Rav Pincus notes that the time of the Megillah is a particularly auspicious time to daven. On this extremely busy day, women can take advantage of five or ten minutes after the Megillah reading to spend time in private tefillah. The seudah is another powerful time to make requests, wherein the “King” turns to each one of us (just as Achashveirosh did at the party Esther made for him) and asks us to name our hearts desire. Spending a few moments during the meal davening, or saying Tehillim for specific requests has a tremendous power.

Some women manage to get up early and daven netz on Purim, knowing that this is the only quiet time they’ll get in the very hectic day. Others have a short Tehillim group right after Megillah wherein they say the booklets of Tehillim to complete the whole sefer together. With proper planning, one can find small pockets of time when one can focus on tefillah. Even just placing a Tehillim in the car, so that one can say a chapter or two while the children deliver their mishloach manos, can help us to take advantage of the day.

The Nesivos Shalom brings a mashal of a king who wanted to transport his crown from one place to another. If he used the royal coach, there was a chance that his crown would be stolen by robbers. Therefore, the king placed the crown in an old wagon and covered it in rags, so no one would pay attention to the contents of the wagon.

To mask the immense power of Purim, the day is full of raucous music, drinking, and dancing. But a wise man will know that within these mundane activities, Hashem’s very crown is being transported. Although Purim is a frenzy of torn costumes, knocks at the door, collectors, sugar highs, food preparation, and cellophane, we need to tap into its power, which is akin to the immense sanctity of Yom Kippur.

Every Small Crumb

A final approach to the choice of the name of the holiday is found in Rav Meizlish’s sefer, Sichos Bavodas Hashem. The gemara tells us that the seventh day of the party, when Vashti was called in to Achashveirosh, was Shabbos. This was no mere coincidence.

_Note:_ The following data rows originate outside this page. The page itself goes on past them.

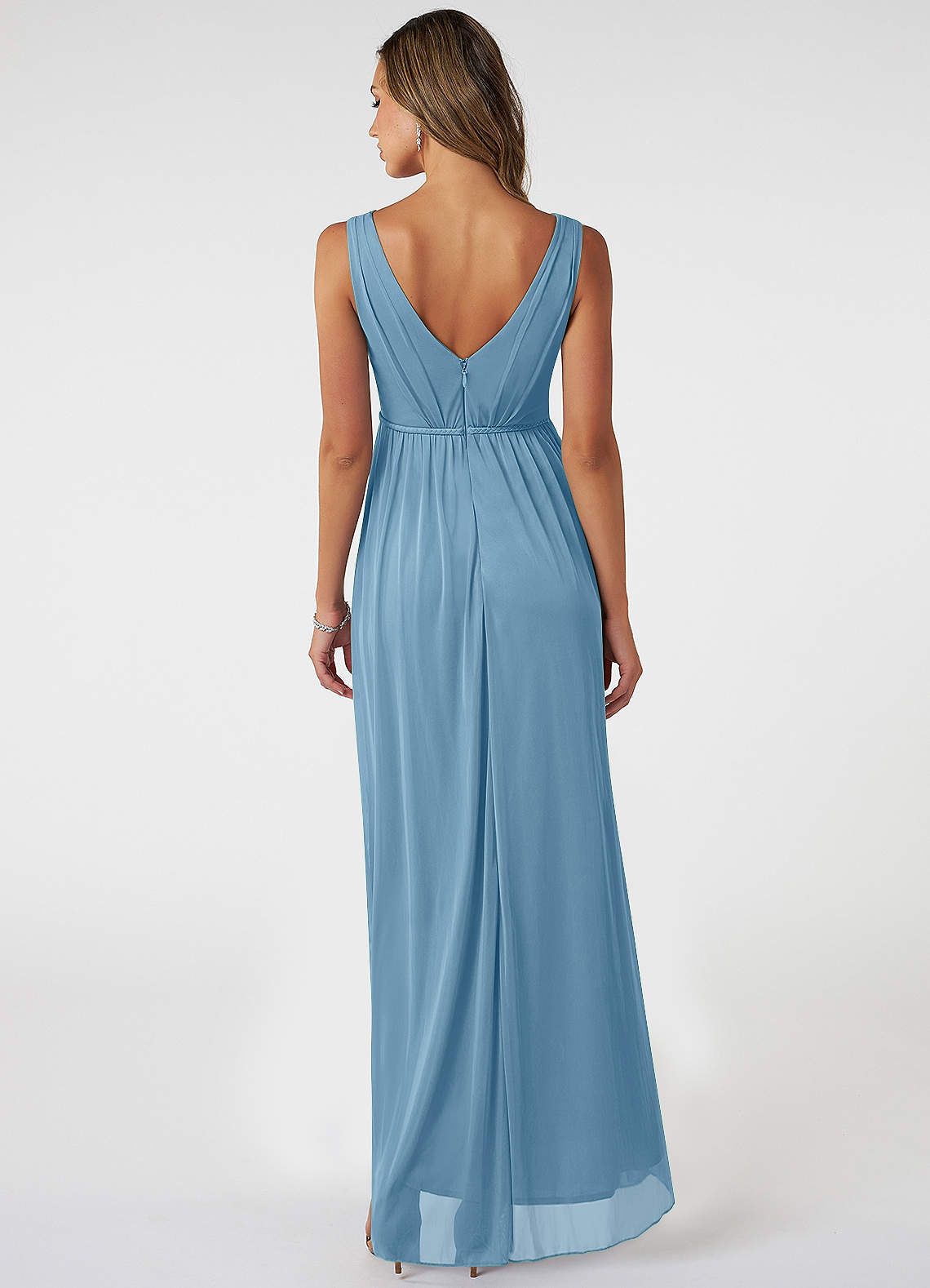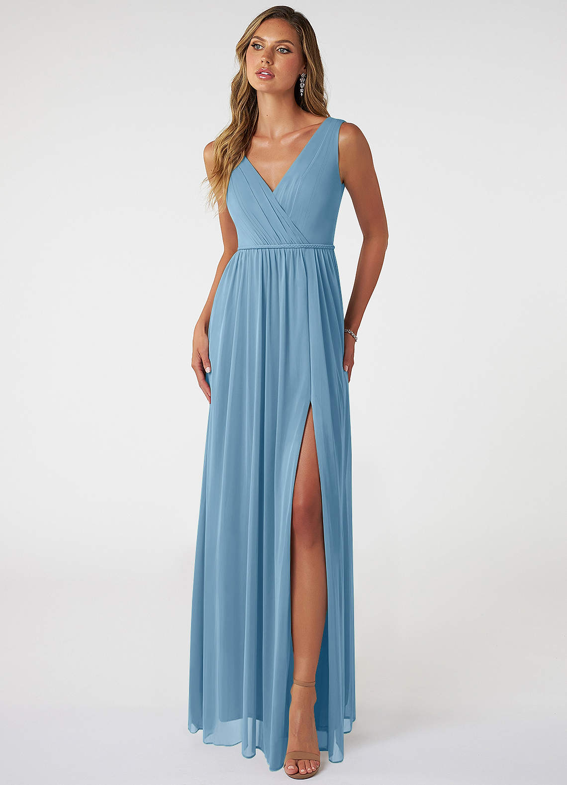 Tanicia ist ein wunderschönes Brautjungfernkleid mit Rock in A-Linie und V-Ausschnitt. Die Taille wird mit einem geflochtenen Gürtel für zusätzlichen Charme betont. Dieses Kleid hat einen Seitenschlitz, um etwas Bein zu zeigen, und einen V-förmigen Rücken. Das Oberteil und der Rücken sind strategisch plissiert, was ihm einen eleganteren Look verleiht.
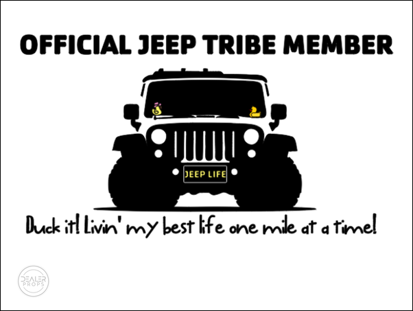 Our 4mm thick 24″ wide x 18″ tall corrugated plastic props are the perfect addition to your delivery. This OFFICIAL JEEP TRIBE MEMBER. Duck it! Livin my best life one mile at a time! prop is perfect for your Dealership. Your dealership, sales team and the customer can post it on social media. Posting the delivery photo on social media will spur engagement by friends and family, about their purchase, which can turn into MORE SALES for your dealership!
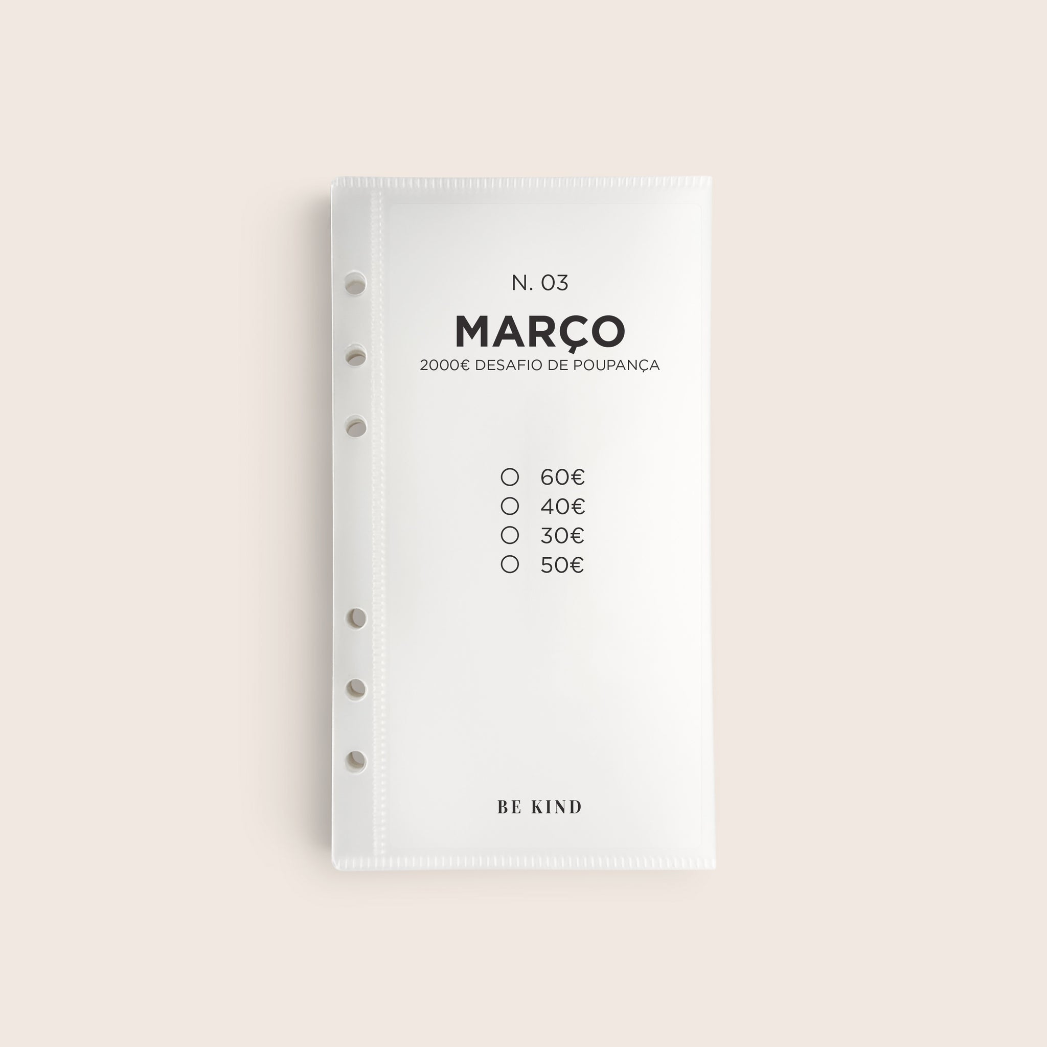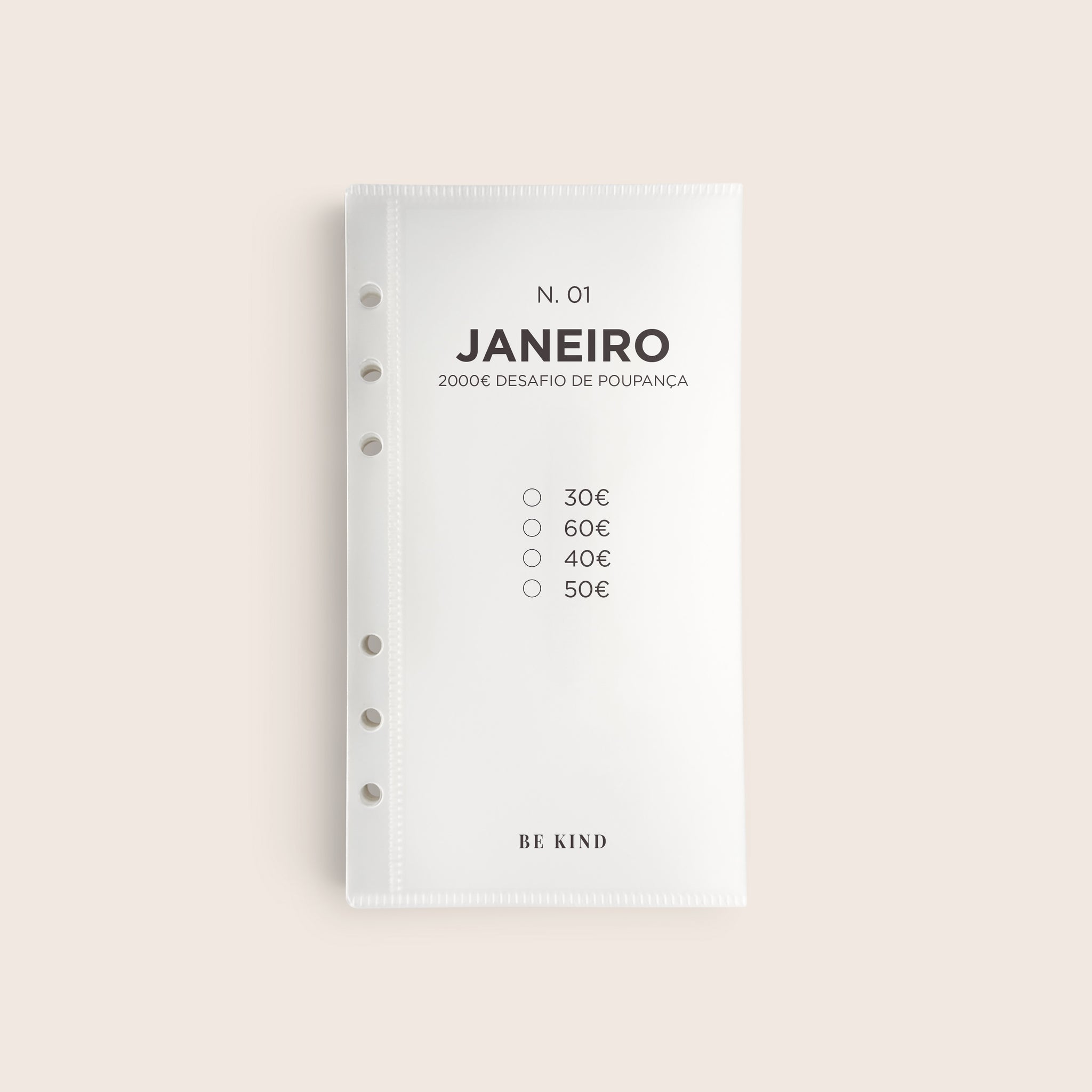 O desafio Mensal de 2000€ em 12 meses tem como objetivo uma poupança de 2000€ ao longo do ano. Cada mês inclui um tracker de poupança com quatro valores predefinidos, permitindo uma economia consistente.
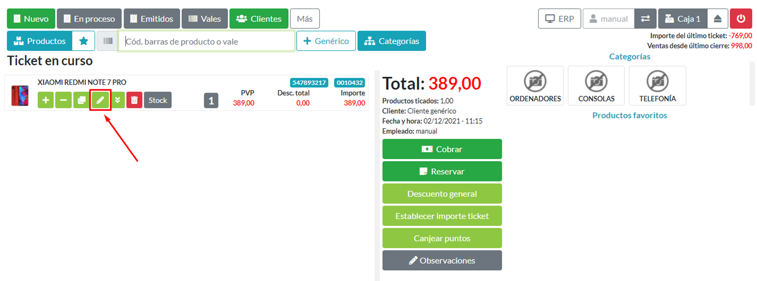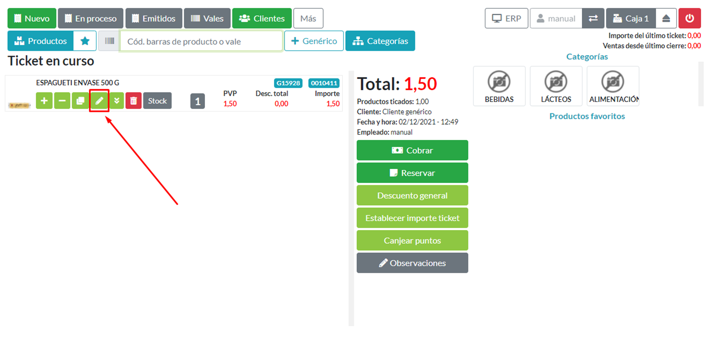 Para asignar el identificador único de un producto en el concepto de un ticket, se debe pulsar sobre el botón de modificar del concepto.
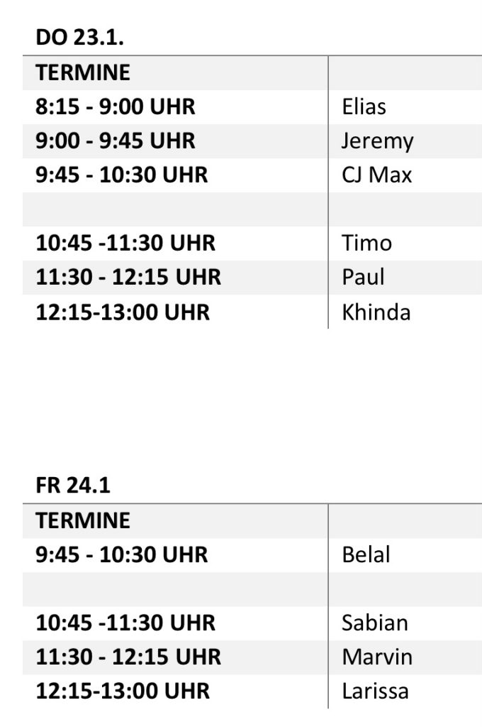 Donnerstag, 23.01.2025: Home-Office, Praktikum (Jeremy, Larissa, Khinda, Elias) & Termine mit Frau Wyrwich.
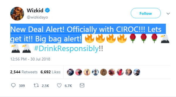 He made the announcement in a series of tweets where he said; New Deal Alert! Officially with CIROC!!! Lets get it!! Big bag alert!
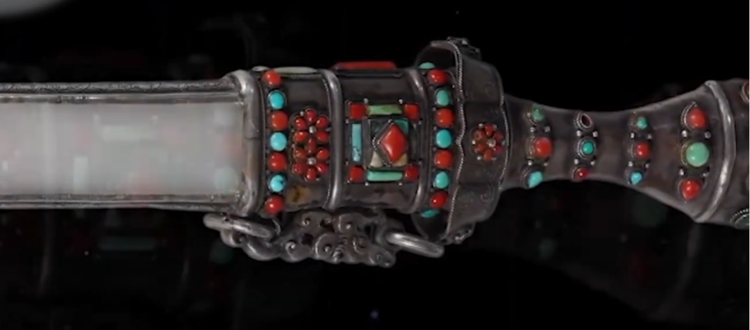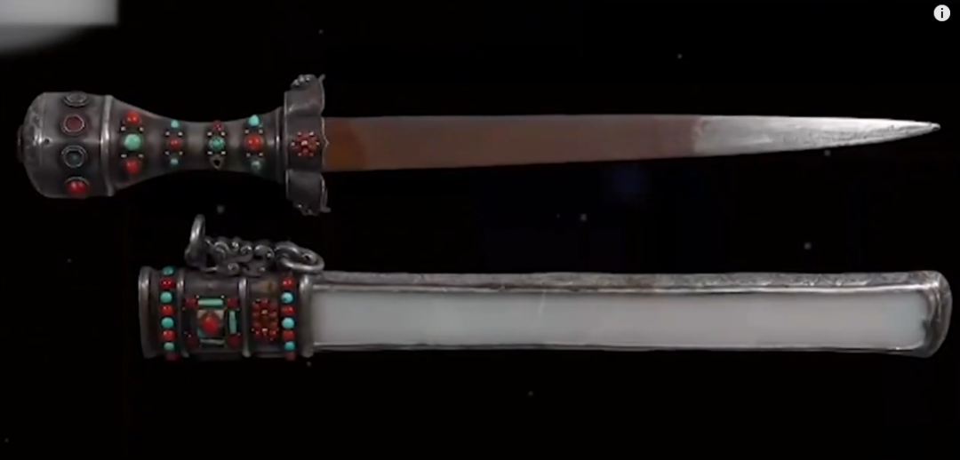 等到大家渐渐安定下来,专家才继续补充说:“这是一把短刀,并且是单面刃,这种配刀的装饰性很强,最大的特点就是剑鞘上镶着两块和田玉的玉板,边上白的是白银。整个刀刀柄镶嵌了很多珠宝,都是比较很珍贵的。
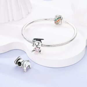 Strieborný prívesok S925 Medveď s Promočnou Čiapkou a Srdcom
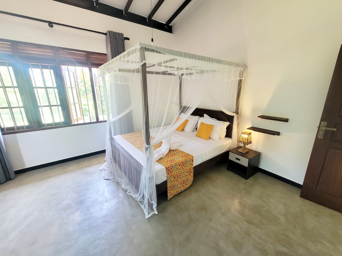 The Loft is a newly built guest house designed to provide all the comforts you need for a relaxing stay. Located in a safe and peaceful area, it's just a 3-minute walk to the beautiful Midigama Beach. You will enjoy: - Air-conditioned room designed by a professional architect - Modern bathroom with solar-heated hot water - Fully equipped kitchen - Automatic washing machine - Fast internet boosted by an external antenna
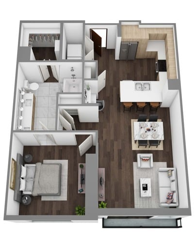 1 Dormitorio, 1 Baño, 868-897 pies²Disponible AhoraGalería del Modelo
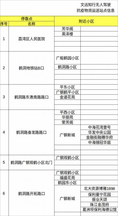 随着疫情的发展,广州市对疫情防控高风险地区开始进行封闭管理,尽管一日三餐的问题能保障,但老人小孩等特殊人群所需要的应急物资还是有所欠缺。从6月4日开始,无人驾驶车陆续抵达战场,为物资运送提供更好的保障。现收到无人驾驶车运送物资的站点信息,有需要的朋友可以把物资送往无人驾驶车始发地(鹤洞桥海珠区上桥位),能帮你把紧急物品送进疫区,无人驾驶车的营运时间大概为早上8点到晚上10点。
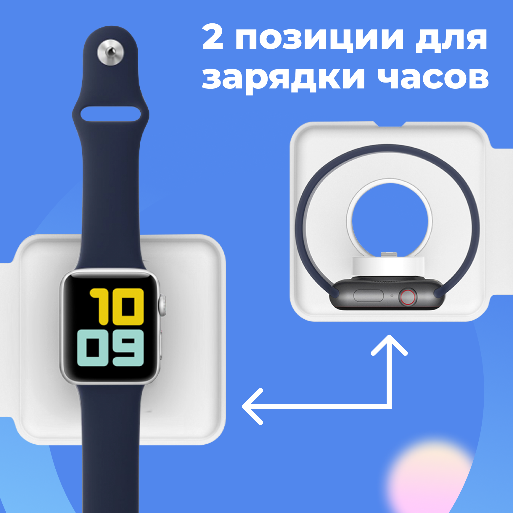 Белая беспроводная док станция 2 в 1 с функцией быстрой зарядки Qi для Apple iPhone, AirPods, Apple Watch, Samsung Galaxy, Huawei, Xiaomi Airdots информация:

Though as far from any Shabbos meal as could be imagined, Chazal tell us that as the Jews partook of the seventh day of this party, they sang zemiros and said divrei Torah. Although they sinned at the party, their salvation ultimately came from the aftermath of the orgy, with the demise of Vashti.

The Sod Yesharim notes that the name Purim is related to the word perurim, crumbs. Purim is a time when we see how Hashem values and loves even the smallest mitzvos that we do — the crumbs of goodness. The divrei Torah at that meal, as insignificant as it may have seemed, created the fruit of our salvation.

As the Megillah reaches its final triumphant conclusion, we’re told that the Jews had “light and happiness, joy and glory.” Famously, Chazal give an additional interpretation to each of these terms: the Jews had Torah, Yom Tov, milah, and tefillin. But what does this mean, asks Rav Schwab? The decree against the Jews was for their physical destruction, Haman sought the obliteration of our nation, but unlike the Greeks, he did not enact laws against performing the mitzvos. There was no religious persecution.

Rav Schwab brings a beautiful explanation. True, the Jews had Torah. But they had Torah without light. They had Yom Tov, but without joy. They had milah and tefillin, but their hearts did not lift in celebration when they performed these mitzvos.

Purim is the time when we reaccepted the Torah from love, when we recognized the preciousness in every single mitzvah. When we saw that every small deed, every “crumb” (perurim), is special to Hashem.

Within the day’s frenzy lies spiritual dynamite. Prayer. Return. A deep understanding that all the events in our lives are orchestrated by the One Above — with love. Within Purim lies the power to transform our lives forever.